Your goal =>
Your job is to retype all of the data word for word, leaving every image out.

Stored data =>

....

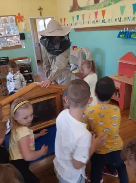 Odwiedzili nas wyjątkowi goście - Panie oraz pszczoły z pasieki Ziębów z naszej okolicy! Odbył się wspaniały pokaz i opowiadanie o pszczołach. Dzieci poznały najważniejsze informacje o tych niesamowitych owadach oraz oglądały je na żywo przez szybkę. Wspólnie poszukiwaliśmy odpowiedzi na interesujące nas pytania: -Kiedy pszczoły żądlą? Jak wygląda ul w środku? Co dzieje się z pszczołą kiedy użądli? Co pszczoły zbierają w kwiatach i w jakim celu? Jak wygląda plaster miodu?
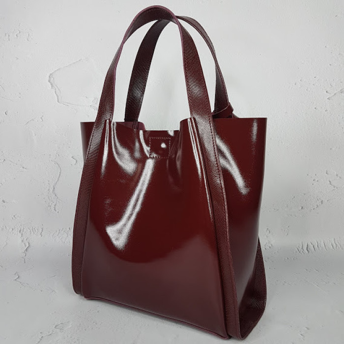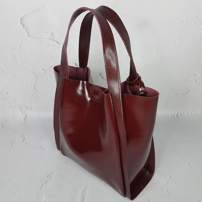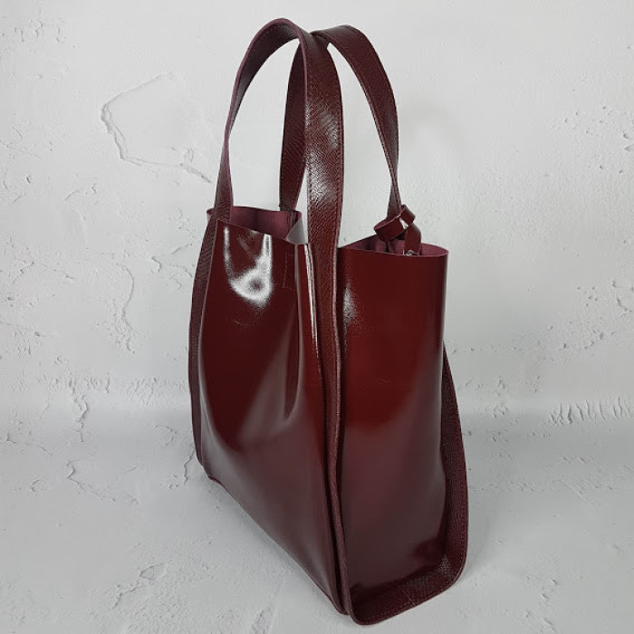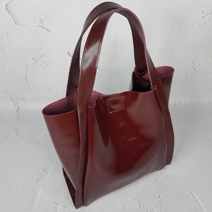 Містка сумка з натуральної шкіри, всередині спеціальне відділення - футляр, яке кріпиться до ручки сумки за допомогою шкіряного ремінця. Можливо виготовити сумку на блискавки і на підкладці. Ручки сумки можемо подовжити за Вашим бажанням. Застібається на прихований магніт. Розмір сумки: 27 * 32 * 11
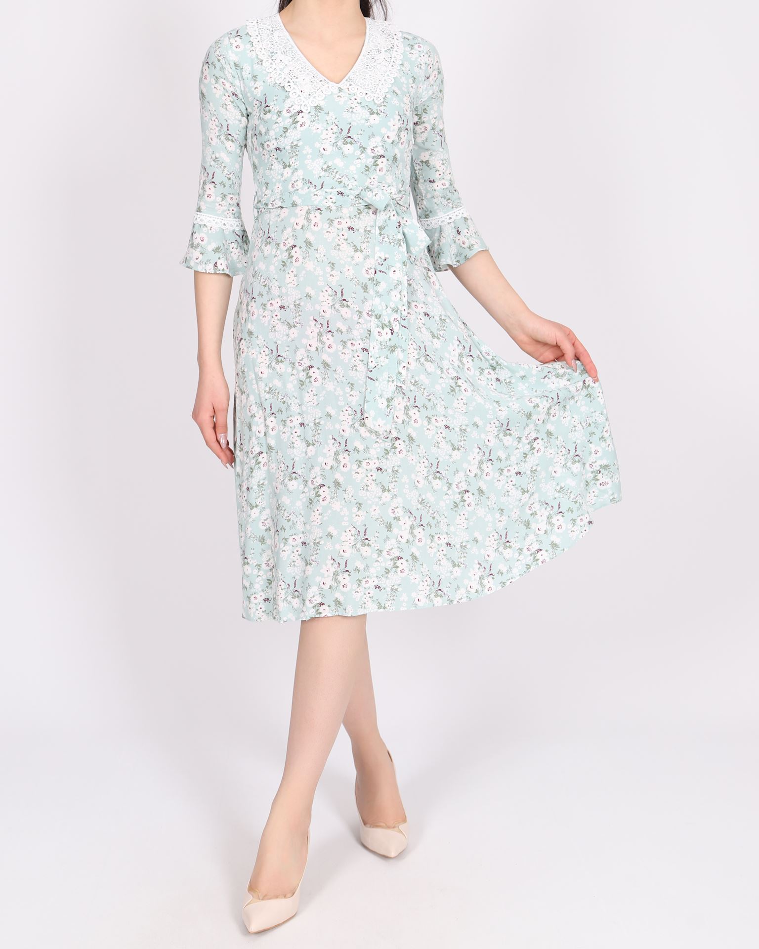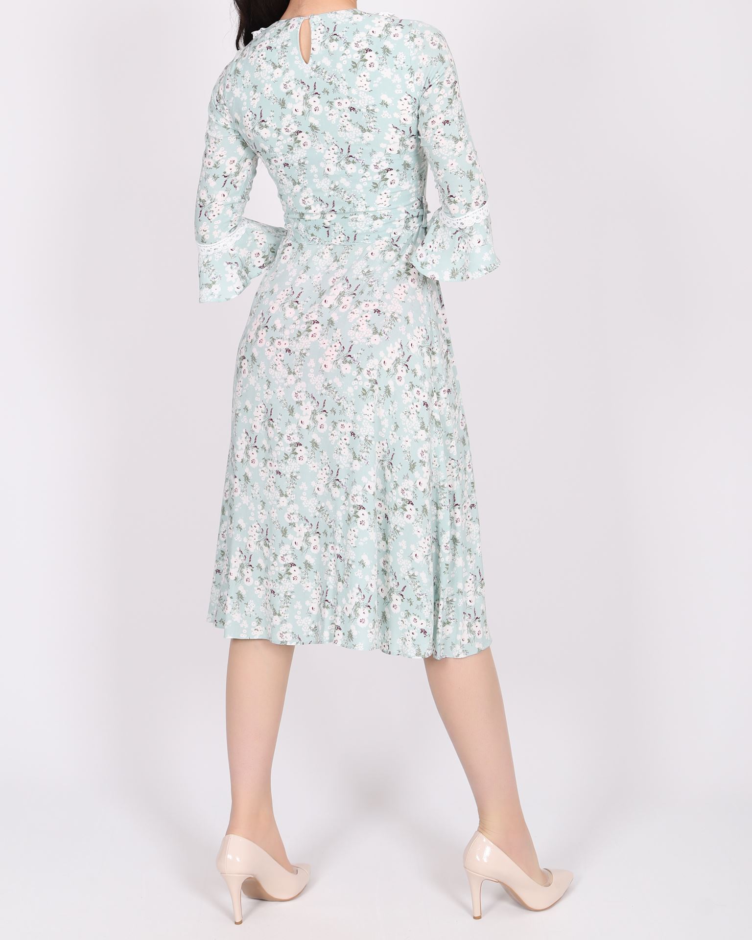 Su Yeşili Dantel Yaka Elbise ELB635

....

Result =>
 Odwiedzili nas wyjątkowi goście - Panie oraz pszczoły z pasieki Ziębów z naszej okolicy! Odbył się wspaniały pokaz i opowiadanie o pszczołach. Dzieci poznały najważniejsze informacje o tych niesamowitych owadach oraz oglądały je na żywo przez szybkę. Wspólnie poszukiwaliśmy odpowiedzi na interesujące nas pytania: -Kiedy pszczoły żądlą? Jak wygląda ul w środku? Co dzieje się z pszczołą kiedy użądli? Co pszczoły zbierają w kwiatach i w jakim celu? Jak wygląda plaster miodu?
 Містка сумка з натуральної шкіри, всередині спеціальне відділення - футляр, яке кріпиться до ручки сумки за допомогою шкіряного ремінця. Можливо виготовити сумку на блискавки і на підкладці. Ручки сумки можемо подовжити за Вашим бажанням. Застібається на прихований магніт. Розмір сумки: 27 * 32 * 11
 Su Yeşili Dantel Yaka Elbise ELB635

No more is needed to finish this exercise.